United Kingdom’s NatWest bank has imposed restrictions on transactions linked to cryptocurrency exchanges, including Binance, according to a report from Reuters published on June 29. The change follows the news of the U.K.’s Financial Conduct Authority (FCA) warning Binance not to carry out regulated operations without a license.
Customers now have a daily limit on the amount of funds they can send to crypto exchanges. It is unclear what this specific amount is, but it is believed to be in the range of a few thousand pounds and depends on the platform. Binance is only one of many platforms that is at the receiving end of this rule change.
A spokesperson told Reuters that the change is a consequence of concerns related to scams and frauds. The source also added that the bank made the decision to protect customers from criminal exploitation, and that it has also blocked payments to a small number of crypto firms. These firms have apparently “seen particularly significant levels of fraud-related harm for our customers.”
The move comes as authorities the world over are focusing their efforts on reining in the crypto market. Binance has been a specific target, given its dominance among crypto exchanges. It has vowed to work with authorities to follow compliance laws, but it’s likely to face some pushback from regulators nonetheless.
Crypto regulations picking up steam
The capping of transactions by NatWest is clearly a result of the regulatory efforts by U.K. authorities, which has ramped up its scrutiny of the market in the past few weeks. Officials in the country have repeatedly said that the market holds dangers for retail investors, being risky and subject to fraud. This is a position that some other countries have also taken, and which have likewise issued new orders.
The Bank of Mexico published a notice recently saying that cryptocurrencies are not currencies and could not be used within the financial system. The country’s finance minister also clarified the same.
The Financial Action Task Force (FATF) has been meeting with officials to discuss crypto with various countries, including Malta. Its concern, which is shared by some governments, is that crypto could be used to facilitate illicit activities.

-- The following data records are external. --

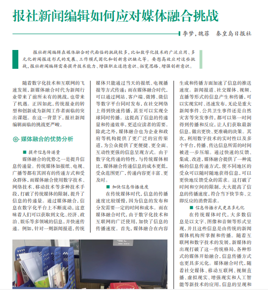 报社新闻编辑在媒体融合时代面临的挑战较多,比如数字化技术的广泛应用、多 元化新闻报道形式的发展、工作模式固化和创新意识缺乏等。要想高效应对这些挑 战,报社新闻编辑需要提升技术能力、增强职业道德意识、拓宽思路、增强创新意识。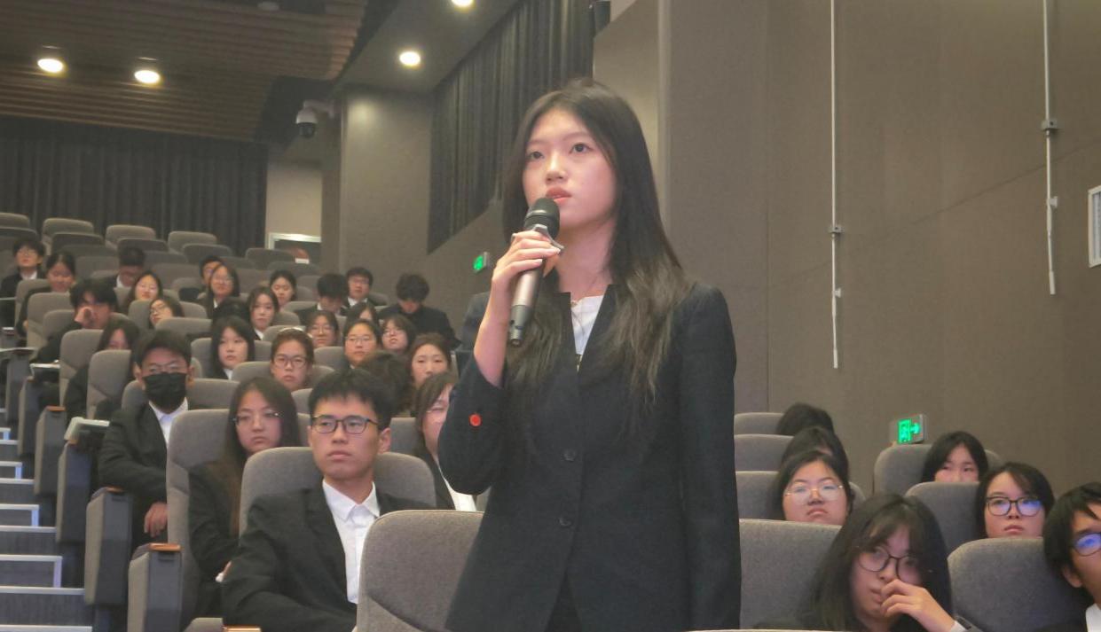 在随后的互动环节中,学生们围绕“青年一代如何传递爱国精神”“青春主理人项目如何让青年从共鸣走向行动”等话题与两位嘉宾进行了热烈而深入的探讨。思想的碰撞让“国家仪式”这一宏大概念在现场激荡起强烈的“青春共鸣”。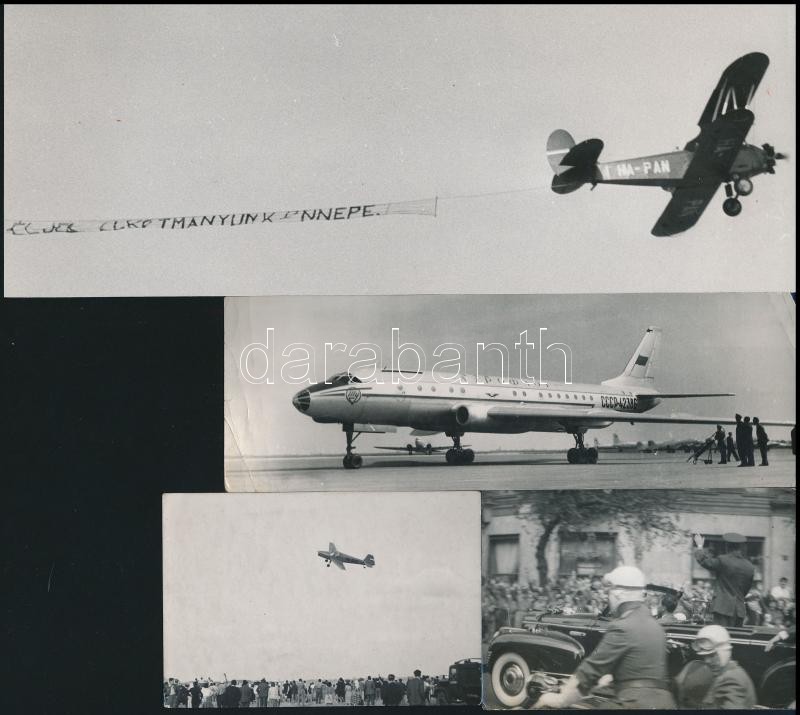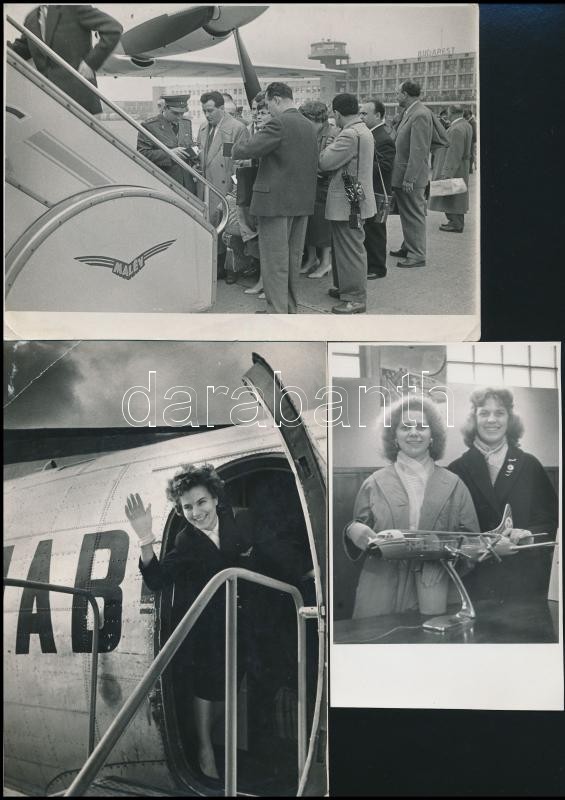 Description: cca 1960 Tiszavölgyi József (1909-?) budapesti fotóriporter hagyatékából 12 db vintage fotó, többsége jelzett, mind a repüléssel kapcsolatos, néhány feliratozva, az egyik fotón Gagarin, 6x9 cm és 13x18 cm között

Meanwhile, countries like South Korea have already implemented several regulatory laws for crypto exchanges. The Asian nation will likely see its first fully regulated exchange in August.
Still, a few countries are warming up to cryptocurrencies, not the least of which is El Salvador, which is marching ahead with its plans to introduce bitcoin into the economy. The country plans to release a digital wallet in September, which would hand citizens $30 in bitcoin after they download it.